“Ini uang jajanmu. 2ribu untuk jajan. 3ribu harus kau tabung,” kata Bapak menyodorkan uang 5ibu recehan. Dia menungguku memasukkan uang 3ribuku ke dalam celengan tanah liat berbentuk sapi coklat yang sangat besar.
“Ghani, kamu harus menabung untuk masa depanmu. Kamu harus belajar dan bekerja keras untuk meraih cita- citamu”
Kalimat itu ku hafal di luar kepala. Setiap malam, kalimat itu seperti tab recorder aktif yang berputar di rumahku. Aku tidak tau entah apa yang dipikirkan Bapak. Dia tidak pernah memberikan uang jajan lebih seperti ayah teman-temanku. Dia selalu menyuruhku untuk menabung, menabung, dan terus menabung. Kecuali di hari Jumat, karena di hari tersebut uang 3ribuku tidak masuk ke dalam celengan sapi yang kuberi nama “BUBU”, tapi masuk ke dalam kotak amal masjid di depan rumahku.
Awalnya aku tidak keberatan dengan segala perintah Bapak, tapi lama-kelamaan aku menjadi jengah. Aku ingin seperti teman-temanku yang bisa beli jajan sepuasnya. Nongkrong atau nge-game di playstation, atau bebas membeli barang-barang yang kuinginkan. Tidak kupungkiri bahwa dengan pertambahan jenjang sekolahku, uang sakuku juga semakin bertambah. Tapi peraturan Bapak tidak pernah berubah. Aku harus tetap melakukan rutinitas menyebalkan itu: belajar dan menabung!
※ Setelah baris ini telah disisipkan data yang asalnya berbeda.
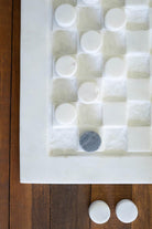 This marble checker set is not for young ones as it contains small pieces. Grownups can enjoy a good game or a handsome exhibition piece. Black and white pieces dress a white marble board.
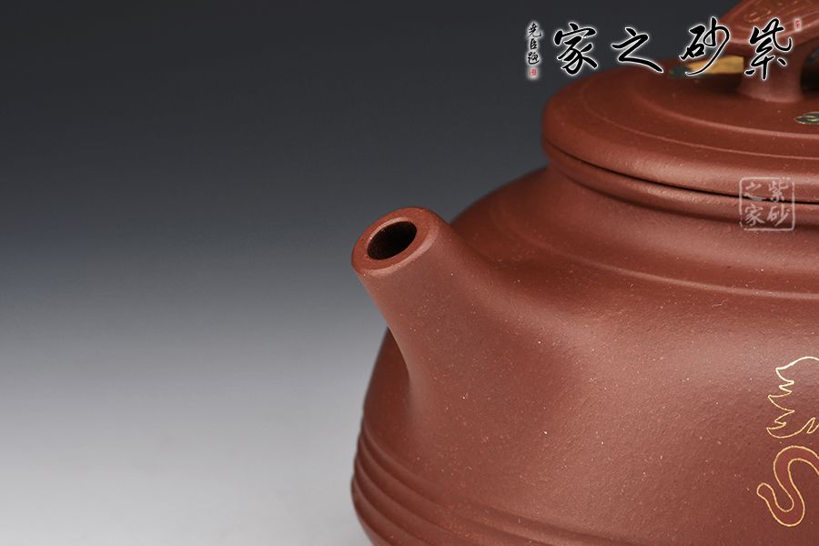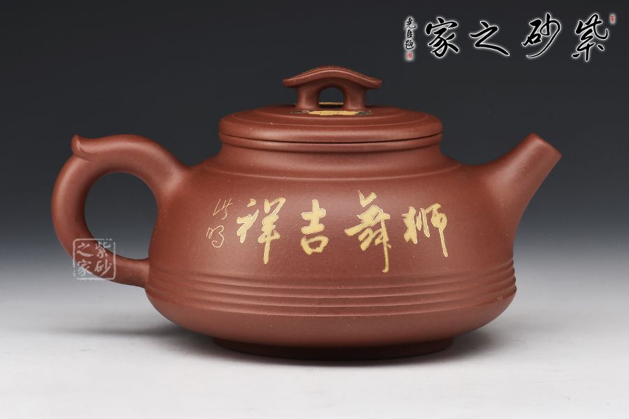 此壺選用原礦清水泥精制而成,成色古雅。圈底穩(wěn)重,壺身幾條腰線成點(diǎn)睛之筆,壺體簡約大氣。壺鈕如涼亭,方便拿捏。直流壺嘴出水爽利,與小飛把相互呼應(yīng)。壺身裝飾獅舞吉祥,寓意生活吉祥如意,事事平安。

Hingga suatu hari ide gila itu tiba. Di malam ketika Bapak menungguiku untuk memasukkan uang ke dalam celengan, ku selipkan sedikit uang itu. Kulirik Bapak yang tengah memejamkan mata, kemudian kembali kutarik uang yang belum sempat tertelan oleh bubu.
“Jangan curang. Masukkan uangnya kembali”, kata Bapak dengan mata yang masih terpejam.
“Tidak, ini uangku. Aku bebas menggunakannya”, kataku tersulut emosi karena tertangkap basah.
“Masukkan, Ghani”
“Bapak PELIIT… Aku benci sama Bapak”, teriakku kemudian membanting pintu.
Sekilas kulihat bahu Bapak bergetar. Tapi dia tidak menghentikanku. Ya, mungkin dia memang lebih menyayangi uang-uangnya daripada anaknya sendiri. Sampai detik ini aku masih berpikir bahwa Bapak adalah orang paling pelit sedunia. Sejak kematian ibu, aku sering mengintip Bapak memasukkan uang-uangnya ke dalam sebuah kotak yang besar hampir sebesar kotak amal masjid. Aku tau uangnya sangat banyak. Apalagi saat karirnya meroket karena keuletannya dalam bekerja. Dari cerita Budhe Ning (tetangga samping rumahku), banyak janda dan kembang perawan yang berniat mendekatinya, tapi Bapak bagaikan batu. Tak tersentuh.
Detik berganti, sekian purnama telah berlalu, gambaran Bapak di mataku tak pernah berubah. Hanya sesosok pelit yang mencintai uang-uangnya. Maka, wajar saja jika aku malas mengunjunginya apalagi setelah aku pindah ke Jakarta. Hingga sebuah telpon dari desa mengabariku bahwa aku harus kembali. Untuk orang pelit itu, Bapakku.